**AIM OF THE EXERCISE:** Print every line from the start of the data, and when you reach the line with "然后他躺在小兔子的身边,微笑", include it and stop. Pictures are not part of the copy.

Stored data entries
* * * *

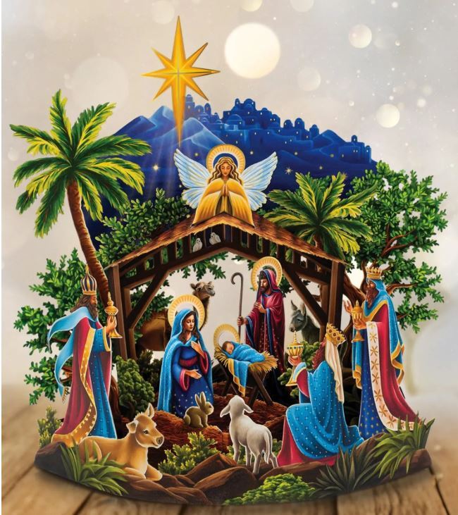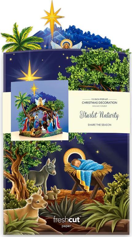 PREBOOK ONLY. Shipping late September 2025. Beneath Bethlehem’s glowing night sky, the evening of Christ’s birth comes to life in this spectacular 3D display.Includes envelope, pop-up bouquet and blank notecard. Measures 14.5″ x 14″.
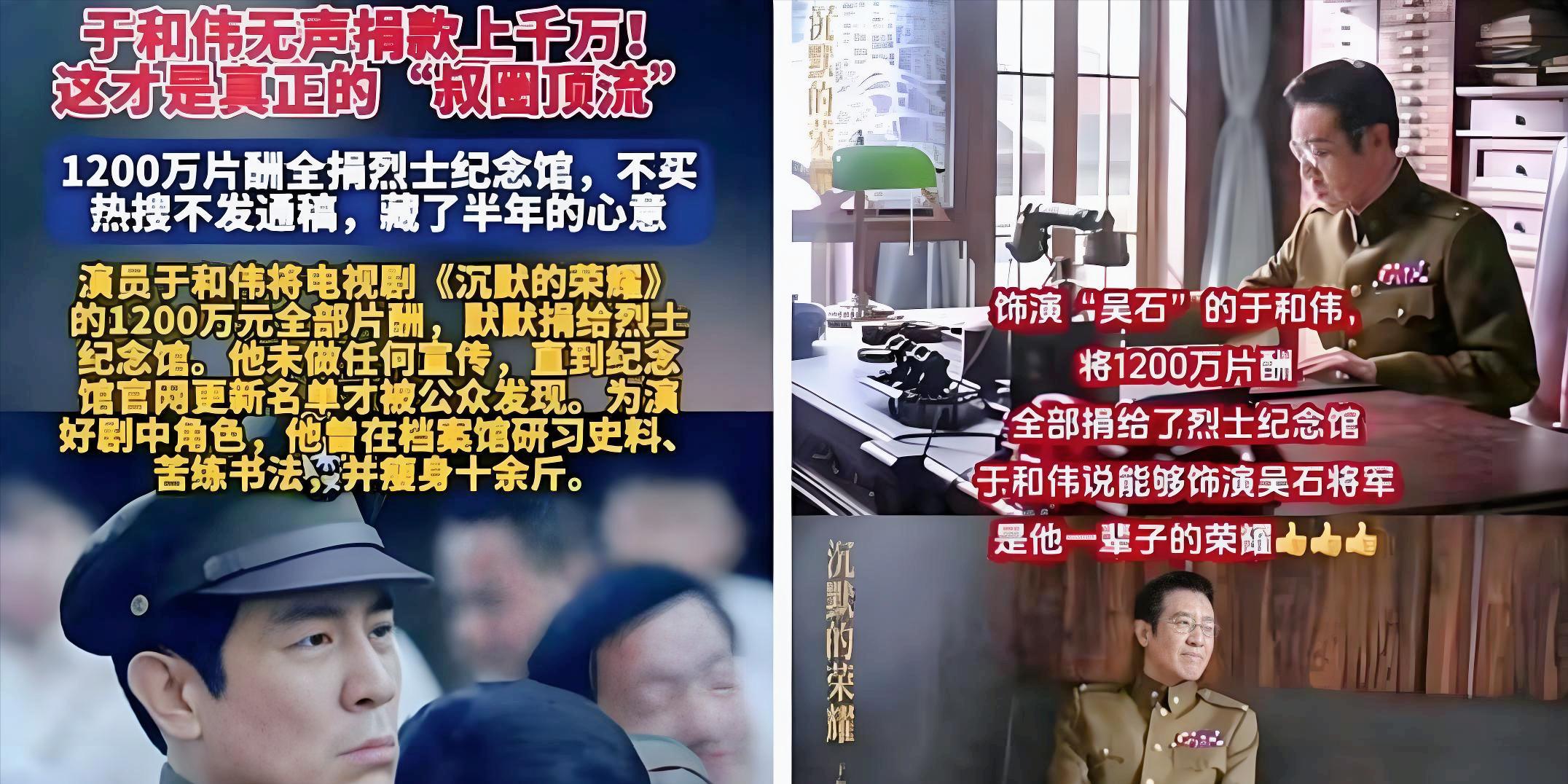 事情是这么传的:于和伟拍《沉默的荣耀》拿了1200万片酬,全捐了要给吴石将军建纪念馆,消息传得快,什么“纪念馆捐款名单更新了”,“他本人说这钱属于英雄”,网友一看,这演员有情怀啊,转发点赞刷起来
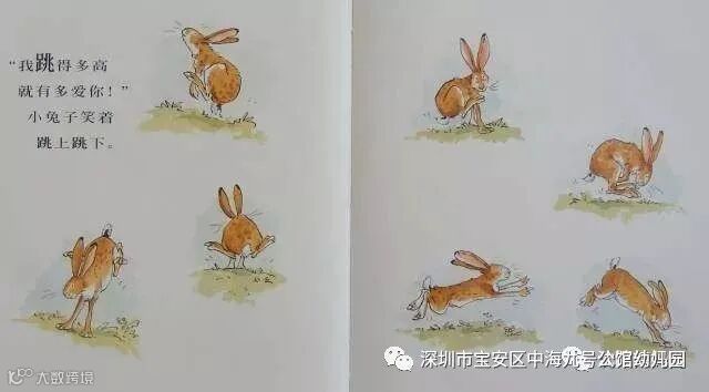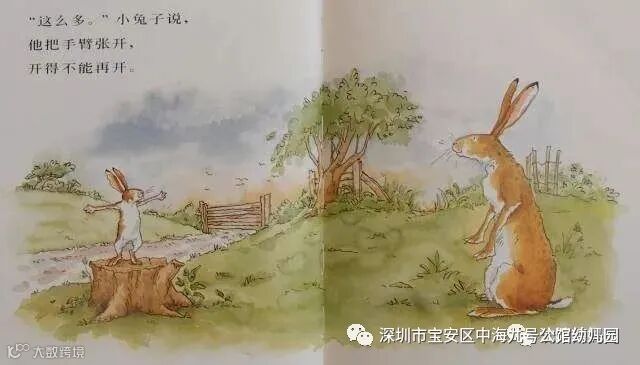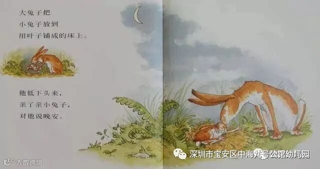 然后他躺在小兔子的身边,微笑着轻声地说:“我爱你一直到月亮那里,再从月亮上——回到这里来。
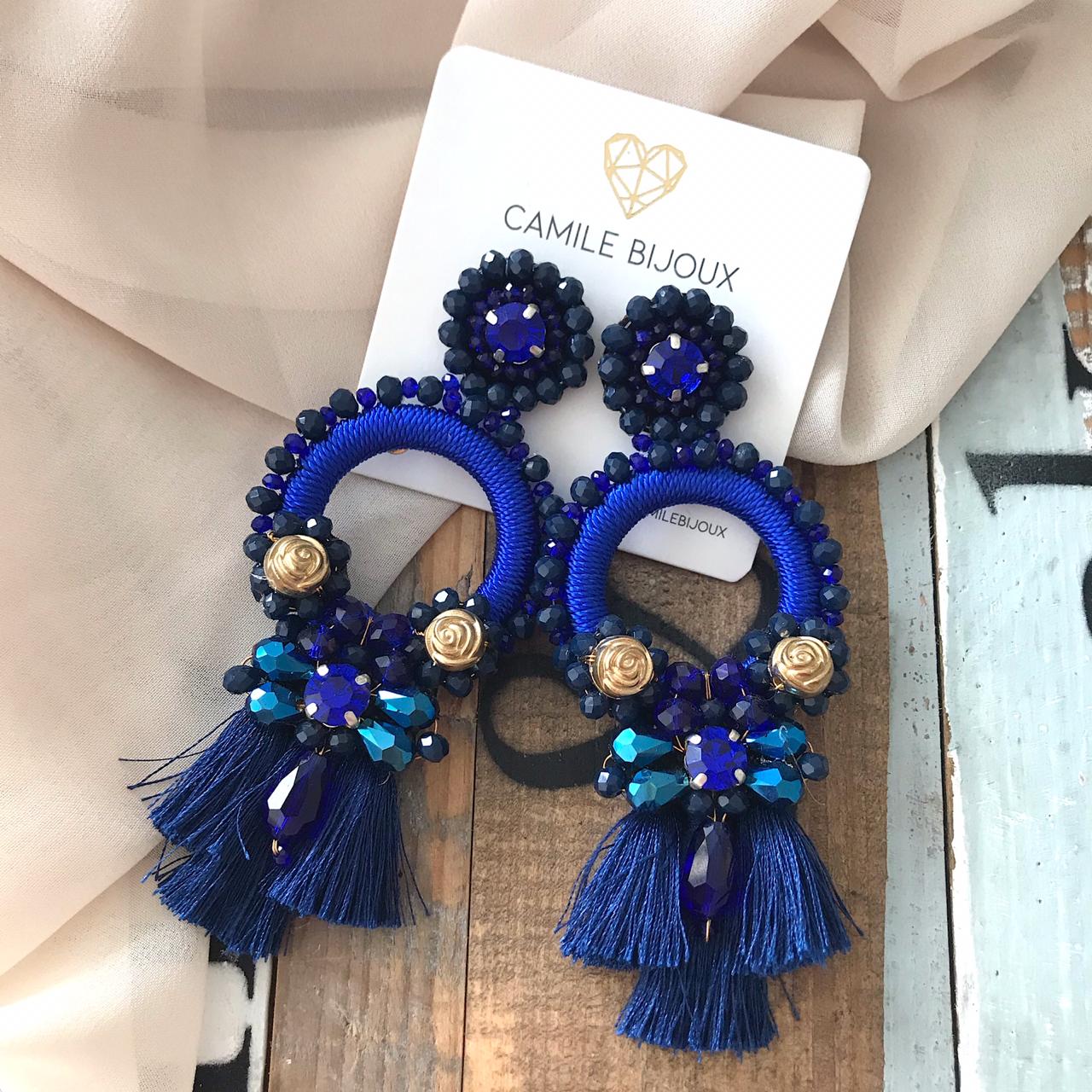 Bellos aretes 100% hechos a mano con la técnica del bordado y macramé. Largo: 10cm Pin de fantasía Todos nuestros accesorios vienen en un empaque de tela y bolsita de papel perfectos para regalar.
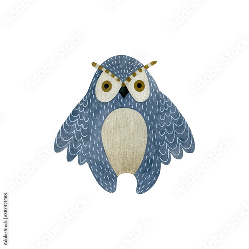 © KiraKonoshenko, Naklejka premium Watercolor illustration of an owl isolated on white background.
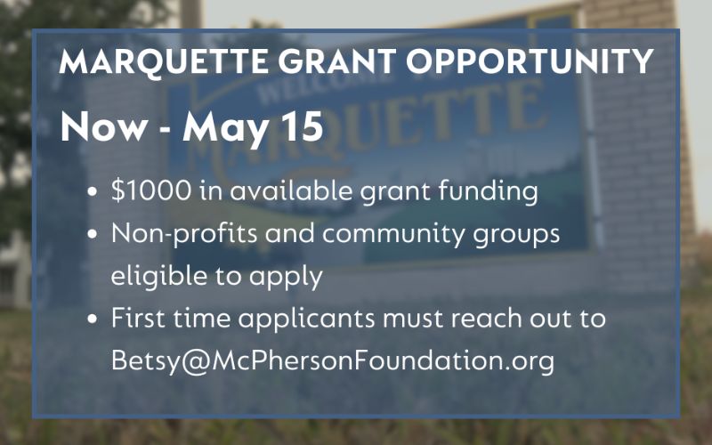 MARQUETTE, Kan. — The Marquette Community Foundation has announced that they are now accepting applications towards their annual community grants round now until May 15. For 2026 $1,000 will be made available.

* * * *

**WRITTEN RESPONSE:**
 PREBOOK ONLY. Shipping late September 2025. Beneath Bethlehem’s glowing night sky, the evening of Christ’s birth comes to life in this spectacular 3D display.Includes envelope, pop-up bouquet and blank notecard. Measures 14.5″ x 14″.
 事情是这么传的:于和伟拍《沉默的荣耀》拿了1200万片酬,全捐了要给吴石将军建纪念馆,消息传得快,什么“纪念馆捐款名单更新了”,“他本人说这钱属于英雄”,网友一看,这演员有情怀啊,转发点赞刷起来
 然后他躺在小兔子的身边,微笑着轻声地说:“我爱你一直到月亮那里,再从月亮上——回到这里来。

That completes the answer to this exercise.